This weekend, someone — specifically, George Stephanopoulos — saw fit to ask Arizona Senator Jeff Flake what he thought of the Republican party’s position on climate change. Senator Flake, an active member of the party controlling our nation’s legislative branch (as well as its executive and judicial branches), said that he thinks the government should do more to combat warming.

You can always count on Flake to say something vaguely ethical and then do whatever will most directly undermine it. Most recently, you may remember him for giving an impassioned soundbite in support of Christine Blasey Ford, the woman who accused Supreme Court nominee Brett Kavanaugh of assault, … and then immediately voting to confirm Kavanaugh to the court. You may also recall him speaking out against the Republican tax reform effort last December … and then immediately voting to make it law.

Conflict-resolution theory, according to Kim Kardashian West’s makeup artist, dictates that when you are disappointed in someone’s behavior, you should mention some of their good qualities so that it’s clear you are viewing them in a balanced way. Here we go: Jeff Flake has very nice teeth. On Sunday, Flake showed off his excellent chompers while giving the following vacuous reaction to the recent, upsetting U.N. climate change report to Stephanopoulos on ABC’s The Week:

“There’s been more recognition [of the need for climate action] among Republicans, but the administration hasn’t taken the view of some of us that this is something we really need to deal with along with the rest of the world and address this. It’s going to be challenging — obviously, that report that came out was pretty dire. But I think there’s things we can do and should do, and Republicans need to be at the forefront if we want to keep our place and keep our seats.”
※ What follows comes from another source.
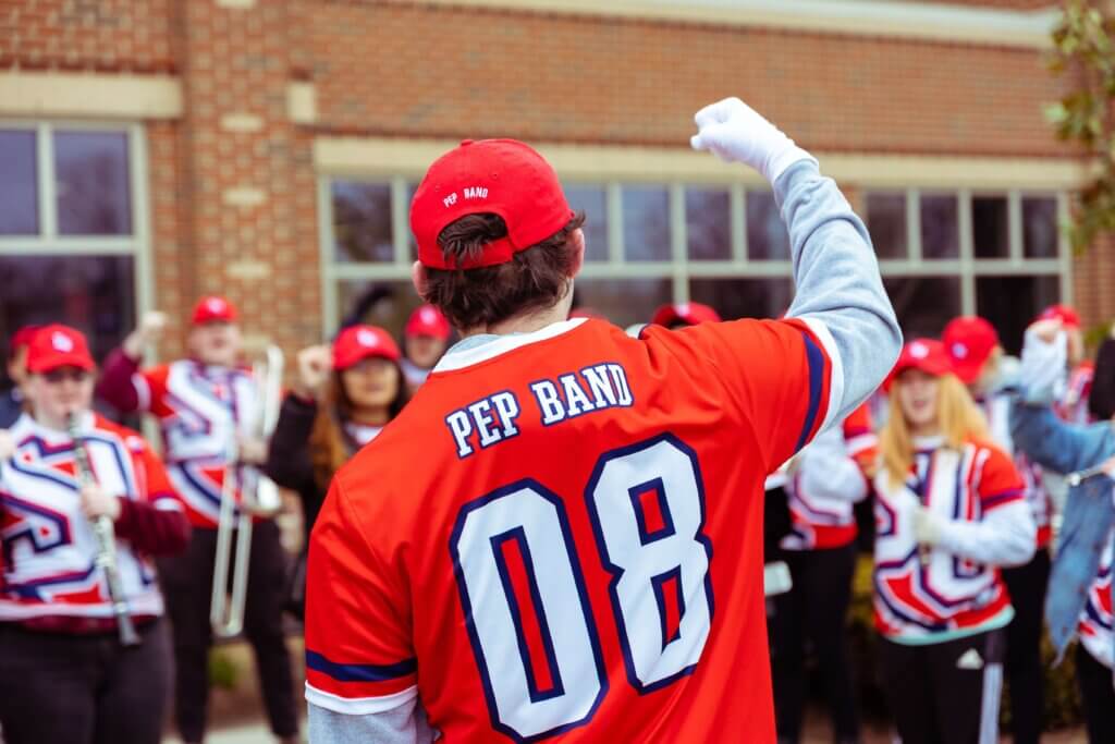 The original Shenandoah University Buzzin’ Dozen Pep Band was formed in 2008 under the leadership of student director, Eric Price. The program grew rapidly through 2008-09, and this growth continued through the end of the 2021-2022 school year. From 2008-2022 the pep band was led by eight different student directors and maintained an average of 40 active participants each year. At the end of the 21-22 school year, it was announced that the Pep Band would evolve from a student-run organization to a group that is housed under the official Shenandoah University Marching Band.

It is true that Republican officials have not been particularly proactive on the matter of climate change, to say the least. Just this weekend, in the aftermath of the “dire” IPCC report, President Trump’s economic advisor Larry Kudlow stopped just short of calling the assessment a “scare tactic.” And Flake’s colleague Marco Rubio, who represents Florida, where Hurricane Michael made its devastating landfall this past week, said he did not want to “destroy our economy” to combat climate change.

As a U.S. senator in a majority party, Jeff Flake is one of the one hundredth of one percent of humans in the world who can have a real, direct, tangible influence on slowing climate change. While he’s not seeking re-election this year, here is what he’s done with that position of power: He voted to confirm Rex Tillerson, Rick Perry, and Ryan Zinke to Trump’s cabinet. He voted against restricting methane pollution, incentivizing energy-efficient homes through the mortgage market, and banning fossil fuel drilling in the Arctic Refuge. He has a 8 percent pro-environmental voting record, according to the League of Conservation Voters.

Now that he’s made public comments about the need to take on climate change, I look forward to Jeff Flake’s upcoming vote to build more coal plants on top of whales.